__ASSIGNED TASK__: Lines before the one containing "知名家居科技公司,招企划经理" are not copied; that line and every one after it, through the end of the material below, are printed exactly, without pictures.

[SOURCE MATERIAL — start]

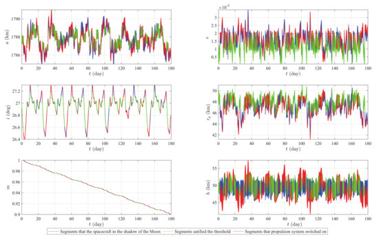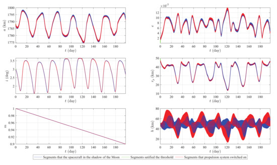 The horizontal axis is time. The vertical axis in six figures are semi-major axis a, eccentricity e, inclination i, the periapsis , the remain mass of the spacecraft m and the current altitude h, respectively. The three colors represent the different statuses of the spacecraft. The red segments represent the status that the low-thrust propulsion system is switch-on for adjusting the orbit to the target orbit. The blue segments mean that the spacecraft in the shadow of the Moon, the low-thrust propulsion system is off. The green segments are for the status that the spacecraft does not exceed , the propulsion system does not need to be switched on.
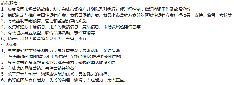 知名家居科技公司,招企划经理,3-4年经验,家居行业或者酒店行业背景优先,优秀的营销策划管理能力,薪资15-20k+五险一金全额缴纳,车饭贴35/天,年底13薪起,上班地点:1号线上海体育馆,JD如下:
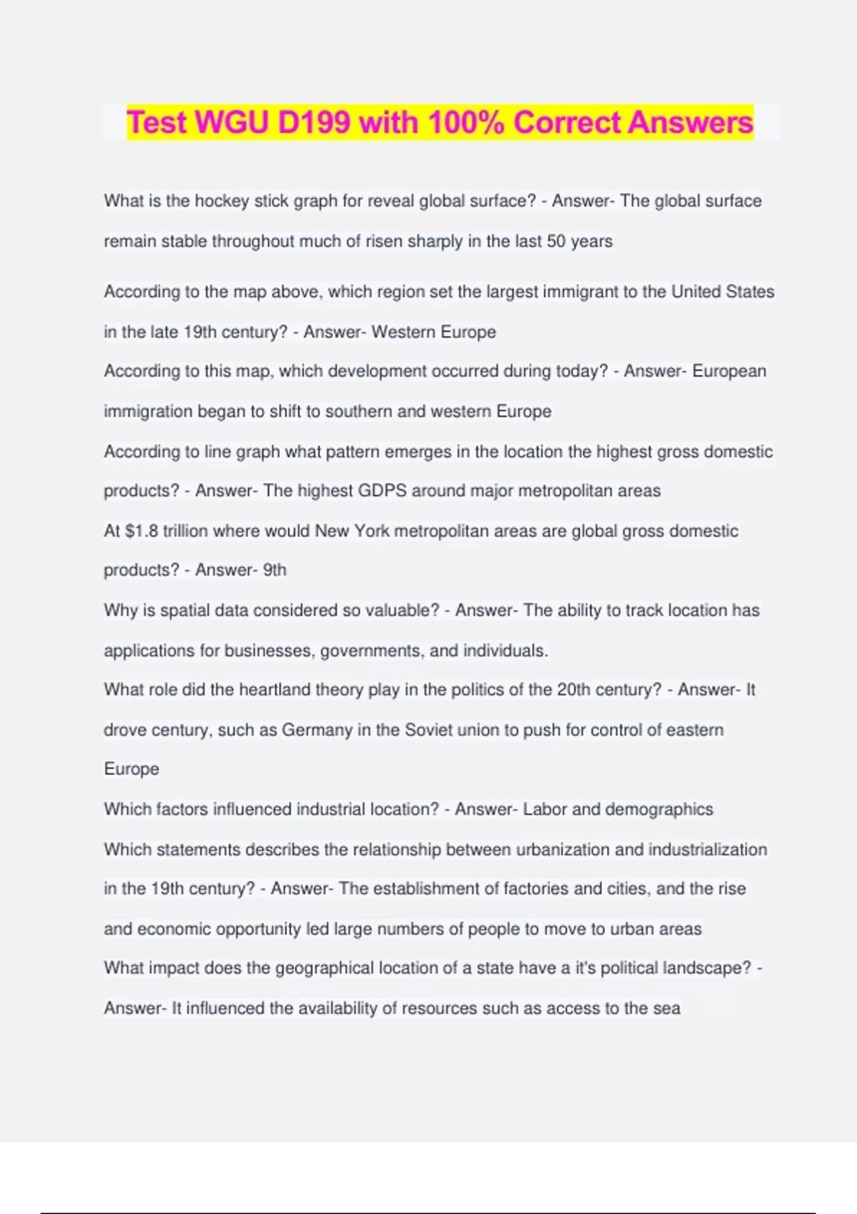 Test WGU D199 with 100% Correct Answers What is the hockey stick graph for reveal global surface? - Answer- The global surface remain stable throughout much of risen sharply in the last 50 years According to the map above, which region set the largest immigrant to the United States in the late 19th century? - Answer- Western Europe According to this map, which development occurred during today? - Answer- European immigration began to shift to southern and western Europe According to line graph what pattern emerges in the location the highest gross domestic products? - Answer- The highest GDPS around major metropolitan areas At $1.8 trillion where would New York metropolitan areas are global gross domestic products? - Answer- 9th Why is spatial data considered so valuable? - Answer- The ability to track location has applications for businesses, governments, and individuals. What role did the heartland theory play in the politics of the 20th century? - Answer- It drove century, such as Germany in the Soviet union to push for control of eastern Europe Which factors influenced industrial location? - Answer- Labor and demographics Which statements describes the relationship between urbanization and industrialization in the 19th century? - Answer- The establishment of factories and cities, and the rise and economic opportunity led large numbers of people to move to urban areas What impact does the geographical location of a state have a it's political landscape? - Answer- It influenced the availability of resources such as access to the sea

[SOURCE MATERIAL — finish]

__ANSWER FOR THIS EXERCISE__:
 知名家居科技公司,招企划经理,3-4年经验,家居行业或者酒店行业背景优先,优秀的营销策划管理能力,薪资15-20k+五险一金全额缴纳,车饭贴35/天,年底13薪起,上班地点:1号线上海体育馆,JD如下:
 Test WGU D199 with 100% Correct Answers What is the hockey stick graph for reveal global surface? - Answer- The global surface remain stable throughout much of risen sharply in the last 50 years According to the map above, which region set the largest immigrant to the United States in the late 19th century? - Answer- Western Europe According to this map, which development occurred during today? - Answer- European immigration began to shift to southern and western Europe According to line graph what pattern emerges in the location the highest gross domestic products? - Answer- The highest GDPS around major metropolitan areas At $1.8 trillion where would New York metropolitan areas are global gross domestic products? - Answer- 9th Why is spatial data considered so valuable? - Answer- The ability to track location has applications for businesses, governments, and individuals. What role did the heartland theory play in the politics of the 20th century? - Answer- It drove century, such as Germany in the Soviet union to push for control of eastern Europe Which factors influenced industrial location? - Answer- Labor and demographics Which statements describes the relationship between urbanization and industrialization in the 19th century? - Answer- The establishment of factories and cities, and the rise and economic opportunity led large numbers of people to move to urban areas What impact does the geographical location of a state have a it's political landscape? - Answer- It influenced the availability of resources such as access to the sea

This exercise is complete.